Keck and Sikkink write from a context before the universal availability of information technology and at this point the main actors are the States. The boomerang pattern, argued by Keck and Sikkink, is a model of advocacy where a State A causes "blockage" by not protecting or violating rights.  Non-state actors provide other non-state actors from a State B with information about the blockage and those non-state actors inform State B.  State B places pressure on State A and/or has intergovernmental organizations place pressure on State A to change its policies.

In order to facilitate transnational advocacy networks, the network needs to have common values and principles, access to information and be able to effectively use that information, believe their efforts will cause change and effectively frame their values. Information use is historically very important to human rights organizations. Human rights methodology is considered "promoting change by promoting facts."  By using facts, state and non-state actors can use that viable information to pressure human rights violators.

Human rights advocacy networks focus on either countries or issues by targeting particular audiences in order to gain support.  To gain audience support human rights organizations need to cultivate relationships through networking, have access to resources and maintain an institutional structure.

Activists commonly use four tactics in their advocacy efforts: 1) Information politics provides comprehensive and useful information on an issue that otherwise might not be heard from sources who otherwise might be overlooked; 2) Symbolic politics uses powerful symbolic events as a way to increase awareness surrounding an issue; 3) Leverage politics utilizes material leverage (examples such as goods, money, or votes), moral leverage (the "mobilization of shame") or both in order to gain influence over more powerful actors; 4) Accountability politics holds those who make commitments to a cause accountable for their actions or lack thereof.

Information technology and networked advocacy
The widespread availability of the internet, mobile telephones, and related communications technologies enabling users to overcome the transaction costs of collective action has begun to change the previous models of advocacy.

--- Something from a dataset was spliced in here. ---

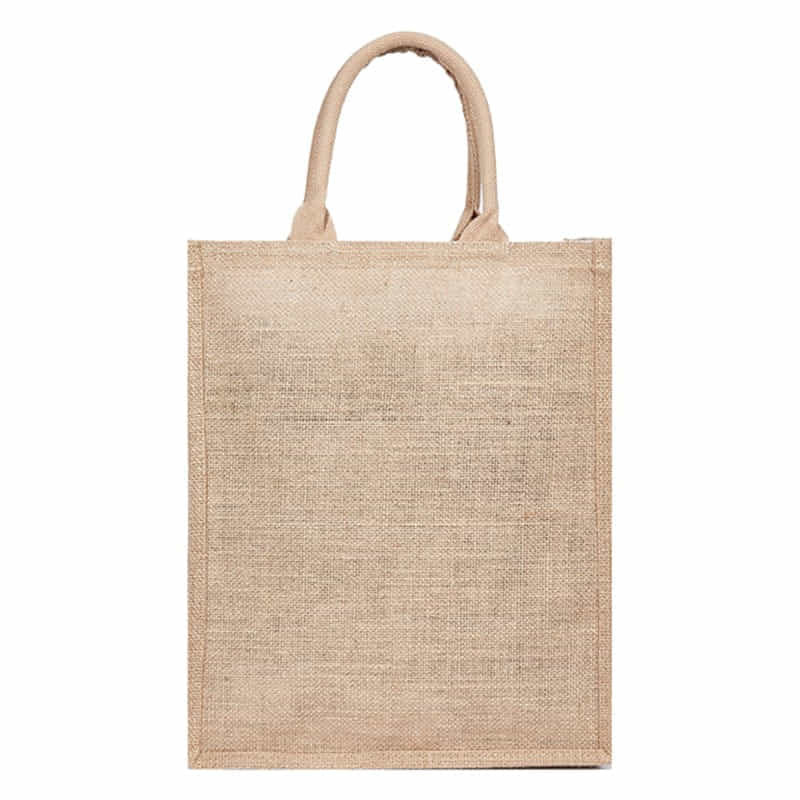 Classic laminated jute tote bag with a large gusset and padded cotton handles. The bag and handles have been dyed to match.

Due to information technology and its ability to provide an abundance of information, there are fewer to no costs for group forming. Coordination is now much easier for human rights organizations to track human rights violators and use the information to advocate for those in need.

One effect is that it is harder for governments to block information they do not want their citizens to obtain.  The increase in technology makes it nearly impossible for information not to penetrate everyone around the globe making it easier for human rights organizations to monitor and ensure rights are being protected.

In addition, the fact that the Internet provides a platform for easy group forming, the use of an institutional organization is not essential.  With social networking sites and blogs, any individual can perpetuate collective action with the right tools and audience.  The need for a hierarchy is diminishing with the great abundance of information available.

Using the Arts 
Some campaigners use the arts to get their message across. For example, radical cheerleading is used at demonstrations to promote a radical message in a media-friendly, people-friendly way.

Demonstrations 
A demonstration is a form of nonviolent action by groups of people in favor of a political or other cause, normally consisting of walking in a march and a meeting (rally) to hear speakers

Petitions 
A petition is a request to change something, most commonly made to a government official or public entity

Social media 
The use of social media is helping campaigners to recruit members and communicate.  Social media can take many different forms, including Internet forums, weblogs, social blogs, wikis, podcasts, pictures and video.

Influencing Parliament 
In the UK, Parliamentary Outreach works with NGOs to help them to understand Parliamentary processes

Freedom of Information Legislation 
Campaigners can now use Freedom of Information legislation to request Government held information and receive it freely or at minimum cost.